You’ve just been a victim of asymmetric information (and if this situation has never happened to you, surely you’ve taken your car to the shop before and have agreed to all sorts of repairs you weren’t really quite sure about). Doctors go through an intense amount of education—both in the books and in practice. We can’t expect for them to convey all of that knowledge to us when we visit their offices, but we really ought to be better consumers. You wouldn’t buy a new dishwasher without doing at least a little bit of research (at least you’ll compare Home Depot and Lowe’s). However, when you go to the doctor, often times you go in with very limited knowledge about prescription drugs or treatments your doctor may prescribe. If your doctor tells you that you need a test that will cost you (or your insurance company) $4000 at the hospital that you usually go to, are you going to call the other local hospitals to see if you can get the same test for less money? Maybe you think that the test will cost the same everywhere—surely these things have to be standardized—right?

Wrong. The variation in cost between hospitals can be astronomical. We’ll wait for another blog post before we discuss this in full—so for right now you’ll just have to believe me when I say that procedures don’t always cost the same at every hospital.

So, what is the problem here? The problem is simple—you don’t understand that product(s) you’re consuming, and you’re likely paying too much. The bigger problem is that, if you have health insurance, you (and your doctor) probably don’t care too much since you won’t be picking up the bill yourself. This results in overtreatment at increased costs. What’s worse is that, if you’re taking unnecessary medications (perhaps you get prescribed an antibiotic for a common cold) you may actually end up hurting yourself in the long run. I hypothesize, that if we were better, more informed, consumers of medicines we would save money, but more importantly we could be healthier. Every day people are harmed by drug interactions that could have been avoided. Doctors are people too—so they will make mistakes. The informed consumer can safeguard themselves from medical mistakes by asking questions and attempting to learn more about the medications and treatments their doctors prescribe.

What can you do? Next time you’re at the doctor try and think of questions to ask—even if they’re simple. Your doctor has a lot of knowledge—you just need to finagle it out of them.

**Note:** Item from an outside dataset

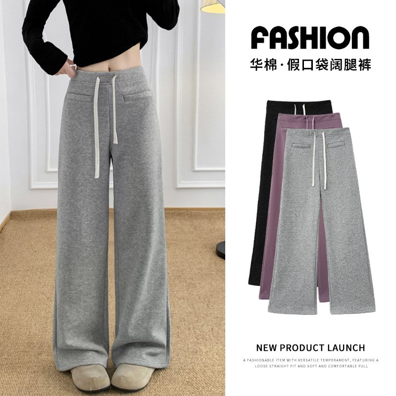 慵懒加绒阔腿裤女秋冬保暖高腰宽松卫裤小个子垂感显瘦运动裤

Here are some questions to ask that I found on about.com:

  1. What is the name of my medication?
  2. What does my medication do?
  3. How/ when should I take my medication?
  4. How long should I take my medication for? (this is important—sometimes doctors are not inclined to remove you from medications, even when you may no longer need them)
  5. What should I do if I feel better and I don’t want to finish my medication?
  6. Does this medicine contain anything I’m allergic to—or will it react with any of my other medications and/or supplements or vitamins?
  7. What food, drinks, or activities should I avoid when I take this medicine?
  8. What are the side effects? Are they common?
  9. Is there a generic version of this medicine?
  10. Is it safe to use this medicine if I am pregnant or breastfeeding?
  11. How soon will this medicine start working?
  12. Will any tests be necessary while I’m taking this medication?
  13. Most importantly (arguably): What risks are associated with this medicine and do they outweigh the benefits?